Why jokes
Where is the building I was in, and why is there a plane?
Why do physically disabled gay men like performing blowjobs on well-endowed, abled-bodied gay men?
Because physically disabled gay men prefer eating pepperoni than eating sausage links for dinner 🍽
Why are Americans so bad at Clash Royale?
They already lost two towers.
Why should you never throw grandpa's false teeth at a vehicle? You might denture car.
Why is bungee jumping similar to a condom?
Because if the rubber snaps, you're fucked.
Why did the rapper bring a parachute to the concert?
In case he had to drop some BOMBS.
Why don't rappers ever get lost?
Because they always find their way with their flow.
Why was the rapper always calm during performances?
Because he had a rap-titude for chillin'!
Why was the rapper always happy?
Because he lived life on the rhyme side!
Why did the rapper take a bath before his concert?

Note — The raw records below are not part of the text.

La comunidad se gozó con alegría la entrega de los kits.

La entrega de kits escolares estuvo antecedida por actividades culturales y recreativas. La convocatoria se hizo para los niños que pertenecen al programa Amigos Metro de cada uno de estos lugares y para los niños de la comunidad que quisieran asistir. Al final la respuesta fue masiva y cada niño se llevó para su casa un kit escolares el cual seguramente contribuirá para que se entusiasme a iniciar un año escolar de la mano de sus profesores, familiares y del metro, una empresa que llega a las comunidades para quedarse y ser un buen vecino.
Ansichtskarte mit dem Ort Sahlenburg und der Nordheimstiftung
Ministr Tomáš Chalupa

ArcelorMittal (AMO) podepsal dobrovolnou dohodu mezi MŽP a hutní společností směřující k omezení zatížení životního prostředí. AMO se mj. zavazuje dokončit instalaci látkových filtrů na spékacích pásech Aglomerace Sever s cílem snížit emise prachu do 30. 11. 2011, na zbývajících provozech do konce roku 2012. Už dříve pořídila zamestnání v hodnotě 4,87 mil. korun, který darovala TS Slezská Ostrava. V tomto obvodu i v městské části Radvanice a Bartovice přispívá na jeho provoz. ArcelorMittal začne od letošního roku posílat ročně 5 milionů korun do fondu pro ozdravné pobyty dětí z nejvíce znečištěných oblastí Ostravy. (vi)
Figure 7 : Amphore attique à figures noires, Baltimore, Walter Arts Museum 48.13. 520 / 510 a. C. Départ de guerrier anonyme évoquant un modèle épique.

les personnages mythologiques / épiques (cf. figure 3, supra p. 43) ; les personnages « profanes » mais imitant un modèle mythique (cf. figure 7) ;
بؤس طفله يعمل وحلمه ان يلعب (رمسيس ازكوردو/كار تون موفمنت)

To get his flow SQUEAKY CLEAN!
Why was the rapper always late?
Because he had to drop his kids off at the Rhyme Bus.
Why did the rapper go to the dentist?
Because he had too many FILL-INS.
Why did the rapper carry a notebook everywhere?

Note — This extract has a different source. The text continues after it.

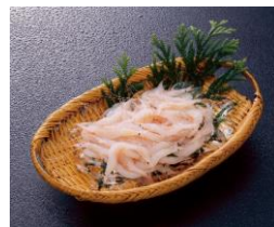
富山の名産！ 富山湾産白エビ

日時：9月30日（土）～10月22日（日）11:30～23:00（L.O 22:00）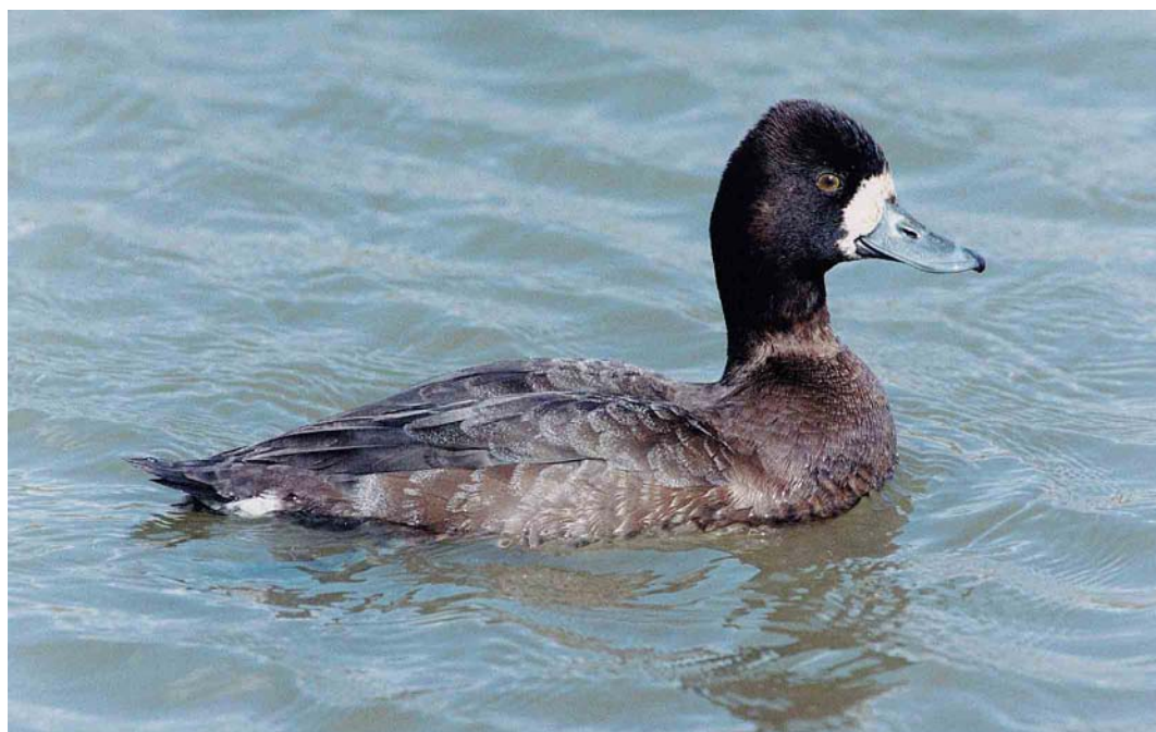
176 Lesser Scaup / Kleine Topper Aythya affinis , Cleethorpes, Lincolnshire, England, April 1999

and at least four in Belgium (where also four pulli were ringed at Brecht, Antwerpen). The second singing in Britain this century was at Grove Ferry, Kent, from 6 June onwards. The first sound-recorded in Portugal was at Lagoa dos Patos, Ferreira do Alentejo, on 5 June. At the Kizilirmak delta, confirmation of the presence (and breeding) of Grey-headed Swamp-hen Porphyrio poliocephalus on the Turkish Black Sea coast was provided by the observation of an adult with two fledged young on 27 June. The second American Coot Fulica americana for Britain was photographed at South Walney, Cumbria, on 17 April.

To jot down his RAP-SODIES.
Why was the rapper always in good shape?
Because he never skipped a beat!
Why did the rapper bring a clock to the concert?
Because he wanted to drop some TIMELY RHYMES!
Why did the rapper become an archaeologist?
Because he wanted to dig for old-school beats!
Why did the rapper go to the bank?
To make some cash flows.
Why didn't the movie star argue with the customer service clerk?
He didn't have a good counter act!
Why don't you fight a dinosaur?
You'll get jurasskicked.
Why don't rappers ever gamble?
Because they're always dropping beats, not bets.